DATA SUPPLIED: Begin
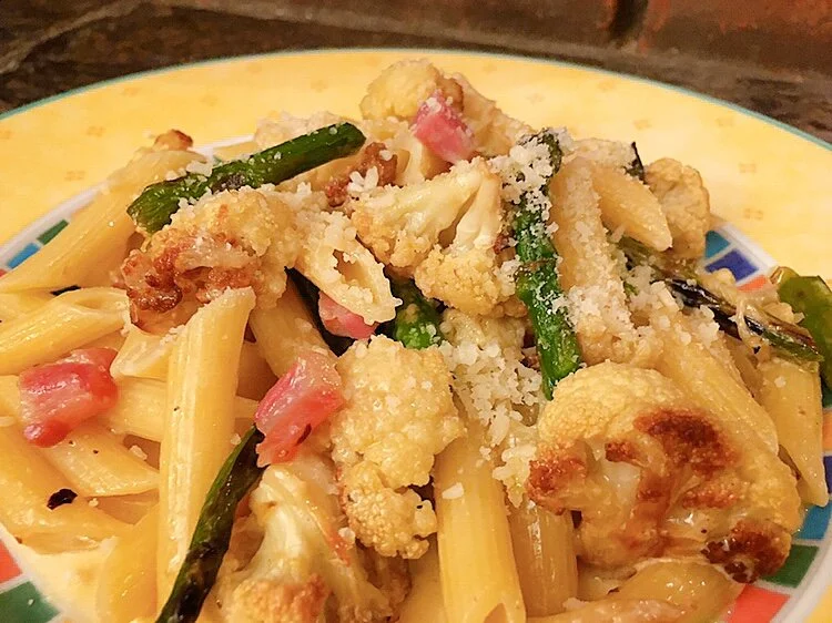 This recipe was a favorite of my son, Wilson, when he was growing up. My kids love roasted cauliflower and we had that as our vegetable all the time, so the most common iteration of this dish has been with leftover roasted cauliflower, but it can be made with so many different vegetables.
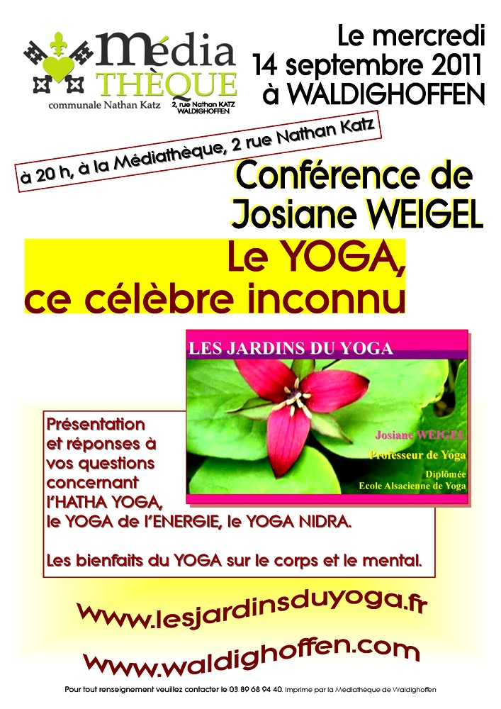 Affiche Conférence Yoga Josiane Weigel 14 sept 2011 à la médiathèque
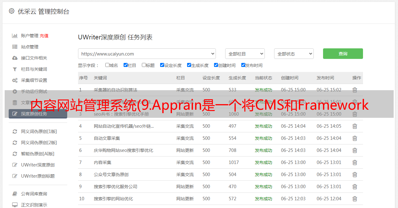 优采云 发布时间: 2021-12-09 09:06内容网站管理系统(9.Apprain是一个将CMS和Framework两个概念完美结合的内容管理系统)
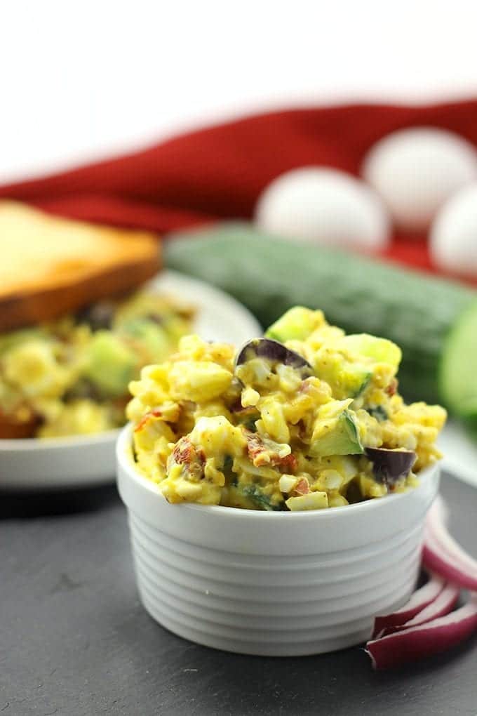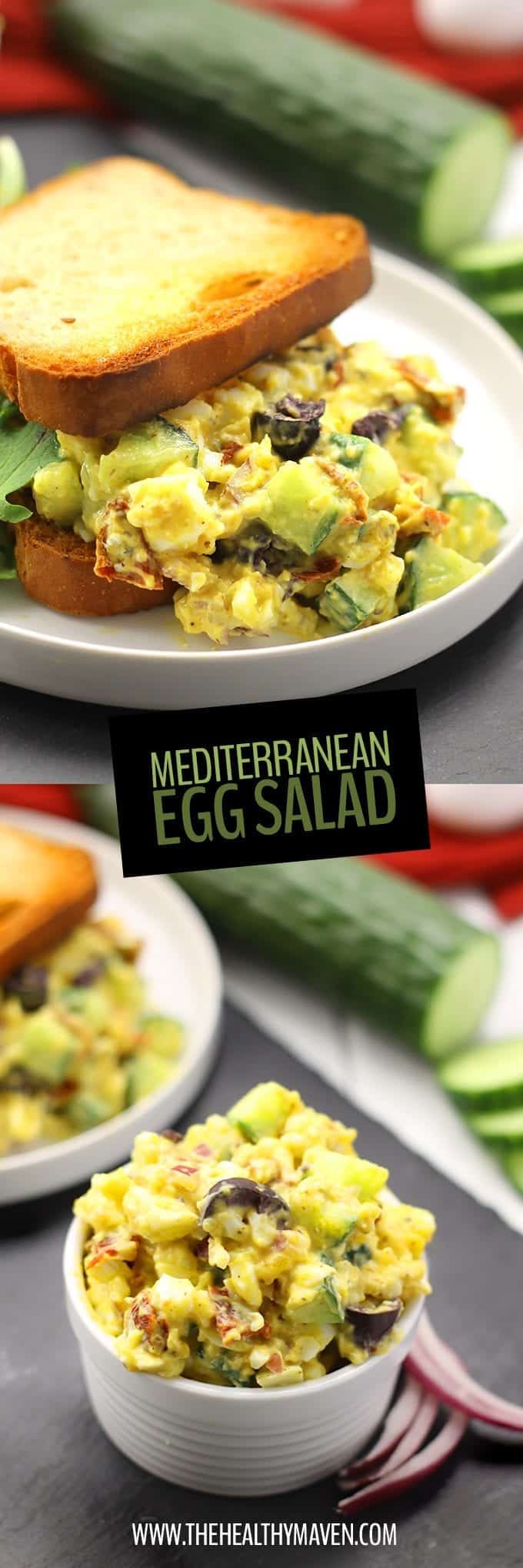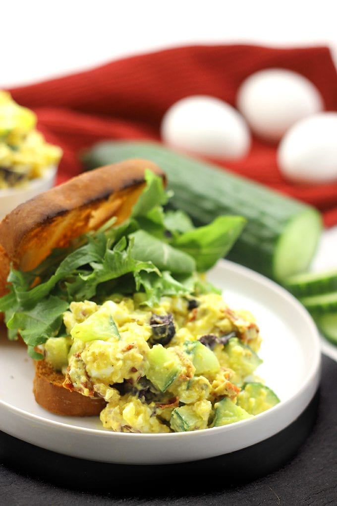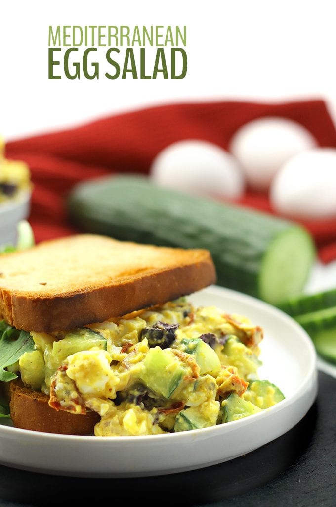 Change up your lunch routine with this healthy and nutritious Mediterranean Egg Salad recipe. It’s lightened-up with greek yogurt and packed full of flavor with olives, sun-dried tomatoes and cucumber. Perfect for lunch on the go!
DATA SUPPLIED: End
DATA SUPPLIED: Begin
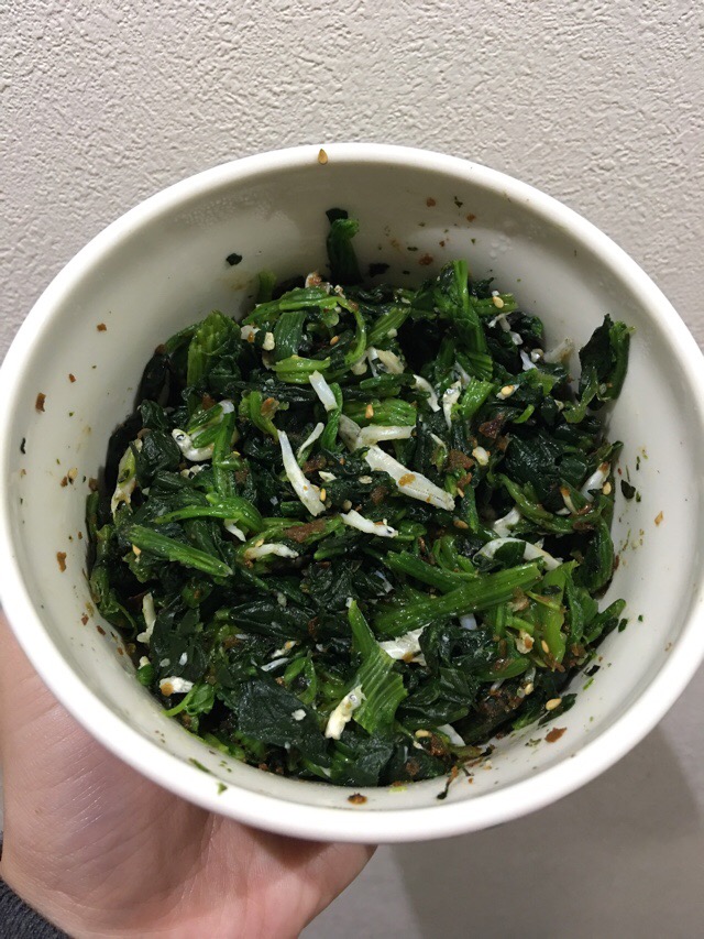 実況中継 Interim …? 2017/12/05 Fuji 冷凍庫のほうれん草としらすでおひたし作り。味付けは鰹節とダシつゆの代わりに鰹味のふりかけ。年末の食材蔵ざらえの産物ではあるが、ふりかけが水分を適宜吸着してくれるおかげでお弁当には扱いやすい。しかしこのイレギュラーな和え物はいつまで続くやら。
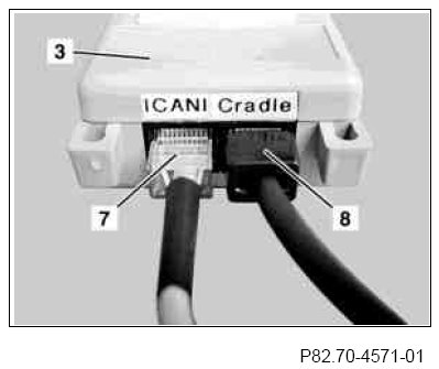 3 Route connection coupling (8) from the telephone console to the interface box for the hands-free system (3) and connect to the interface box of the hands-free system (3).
DATA SUPPLIED: End
DATA SUPPLIED: Begin
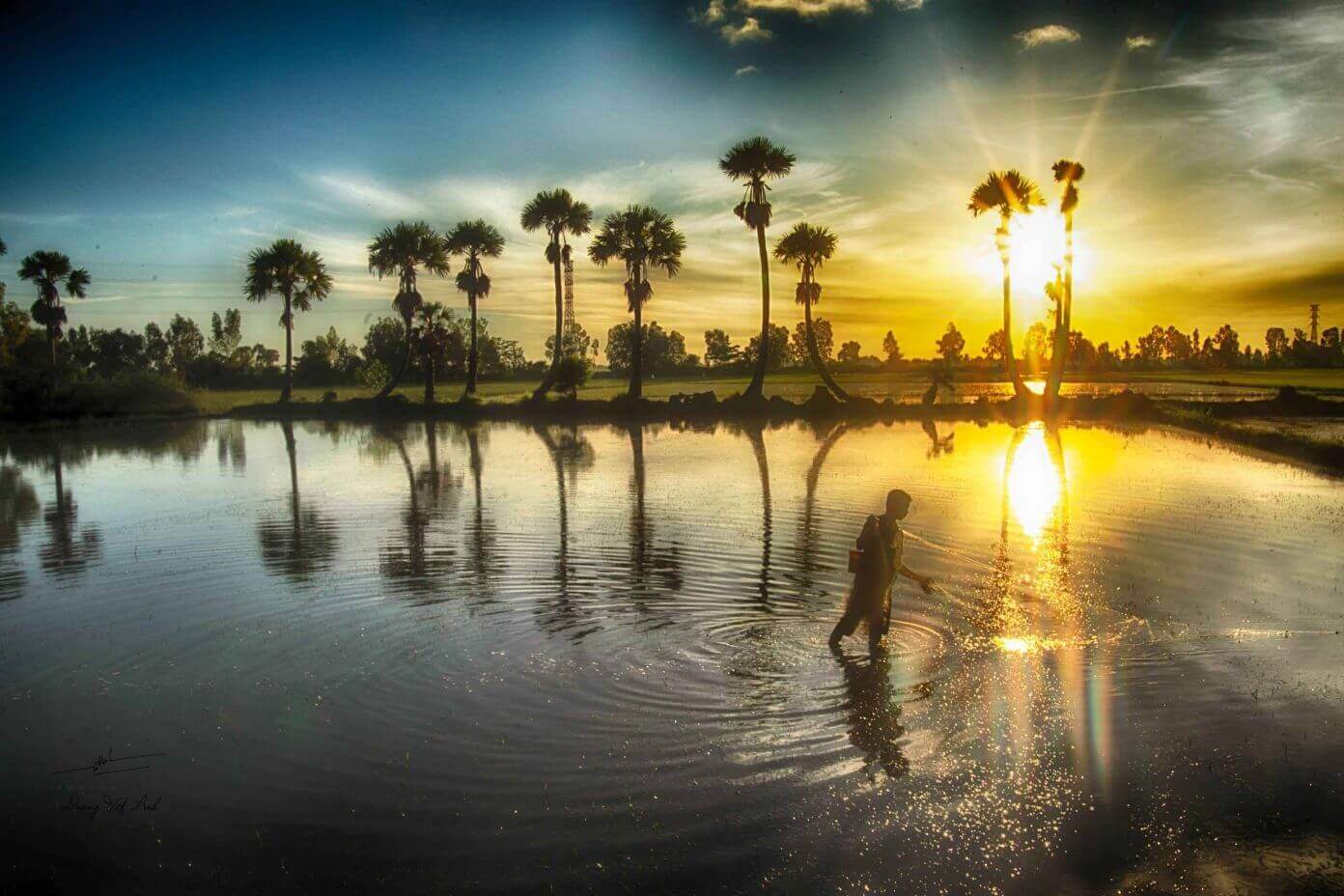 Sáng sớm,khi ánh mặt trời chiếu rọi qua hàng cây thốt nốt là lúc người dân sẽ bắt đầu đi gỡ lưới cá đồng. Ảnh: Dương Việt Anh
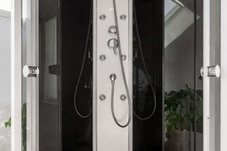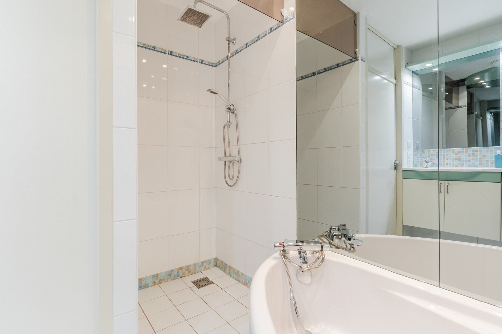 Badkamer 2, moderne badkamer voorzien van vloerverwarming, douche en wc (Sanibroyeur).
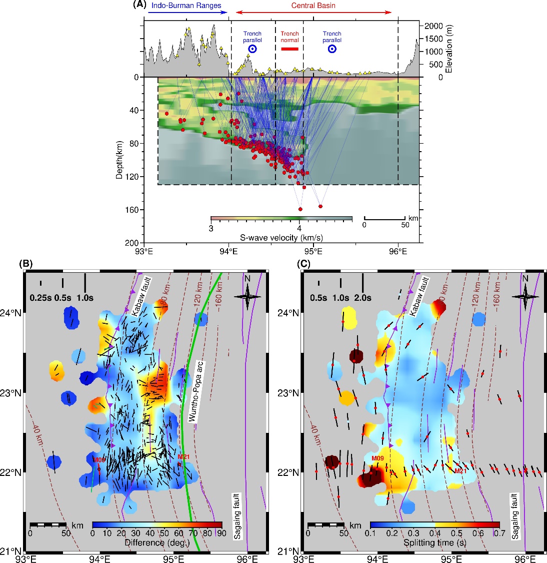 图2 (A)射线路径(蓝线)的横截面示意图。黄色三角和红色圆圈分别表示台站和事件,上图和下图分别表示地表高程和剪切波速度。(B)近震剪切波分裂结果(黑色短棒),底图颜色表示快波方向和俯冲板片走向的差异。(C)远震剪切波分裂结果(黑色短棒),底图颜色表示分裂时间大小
DATA SUPPLIED: End
_HOW TO COMPLETE THIS TASK_: Output only the stretch above from the line with "Affiche Conférence Yoga" through the line with "Change up your", reproduced exactly. Exclude pictures.

_FINISHED TASK_:
 Affiche Conférence Yoga Josiane Weigel 14 sept 2011 à la médiathèque
 优采云 发布时间: 2021-12-09 09:06内容网站管理系统(9.Apprain是一个将CMS和Framework两个概念完美结合的内容管理系统)
 Change up your lunch routine with this healthy and nutritious Mediterranean Egg Salad recipe. It’s lightened-up with greek yogurt and packed full of flavor with olives, sun-dried tomatoes and cucumber. Perfect for lunch on the go!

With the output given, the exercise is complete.